We may be less aware of our hydration needs in the winter months.

By Julie Garden-Robinson, Food and Nutrition Specialist
NDSU Extension

I was getting a little worried. I could not hear the grumbling sound of the snow blower.

Our driveway and sidewalks were covered with a mountain of snow that drifted in after the latest blizzard.

I poked my head out the front door to check on my husband. He had been outside for more than two hours clearing snow in subzero temperatures.

“Are you OK?” I asked.

“I am almost done out here,” he replied as he leaned on a shovel.

His scarf, stocking hat and hair were frozen, and his clothes were covered in snow. He looked like a snow man, or maybe an ice man.

“The driveway and sidewalk are good enough,” I announced. “Come inside and warm up.”

When I saw my frozen husband, I felt guilty about basking in the warmth of our home. I should have “suited up” in all my winter gear and helped.

I was making soup and bread, so that provided a little comfort, anyway. My husband was thirsty after working outside in the cold so long.

Our North Dakota winter has been more challenging this year than the past few years. We may not realize how cold temperatures and exertion can affect the hydration status of our body. We tend to be more aware of our thirst and need for liquids in the summer when the weather is warm.

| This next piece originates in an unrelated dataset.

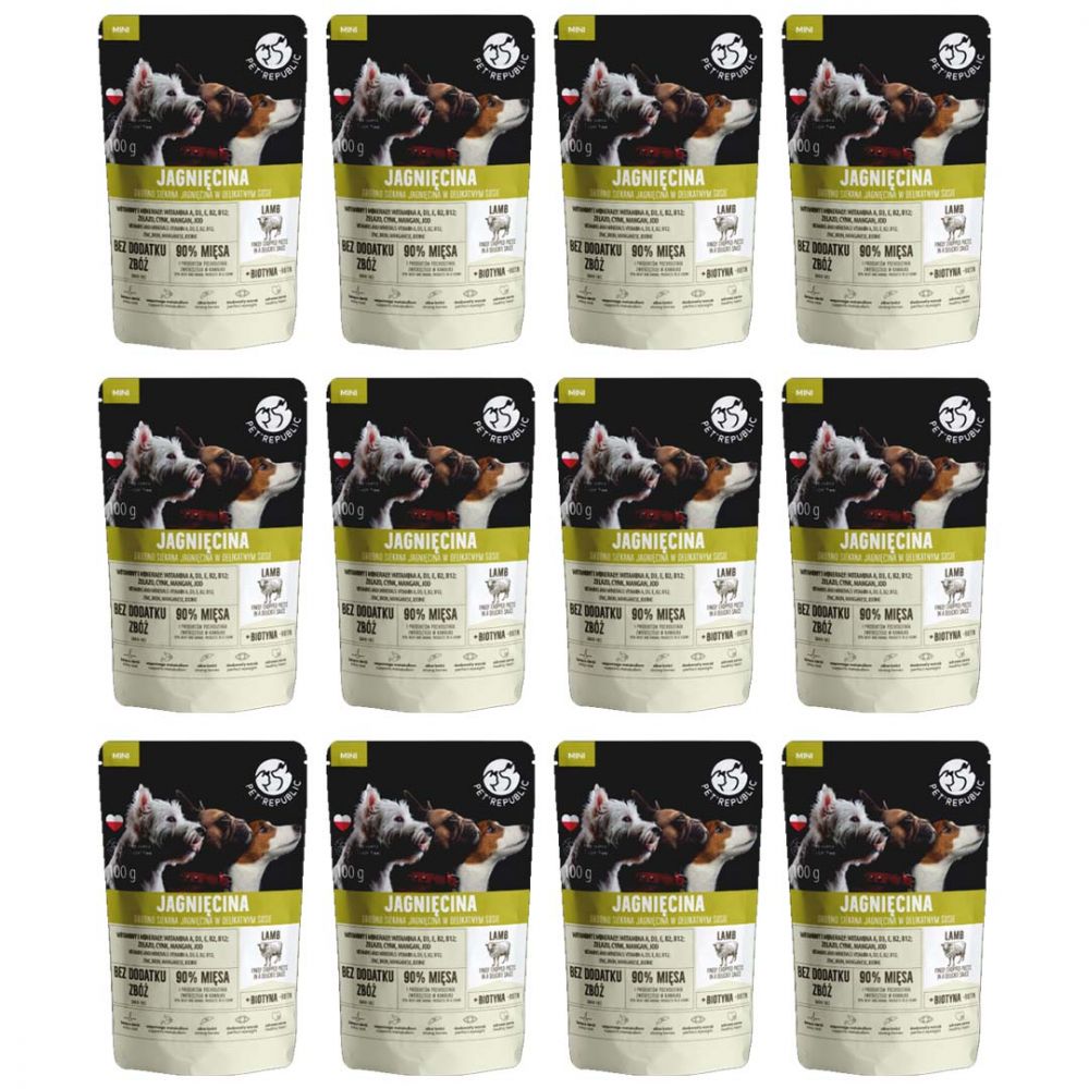 Pakiet PetRepublic Mokra Karma Dla Dorosłych Psów Małych Ras Z Drobno Siekanymi Kawałkami Jagnięciny W Sosie 12 x 100 g

Depending on our age and other factors, our bodies are made up of about 60% water regardless of the season.

During the winter, our bodies work to retain the heat in our body’s core, where our vital organs such as heart and lungs are, instead of our feet and hands.

We bundle ourselves in layers of heavier clothes, including sweaters, coats and perhaps, heavy boots. We may not even realize that we are perspiring.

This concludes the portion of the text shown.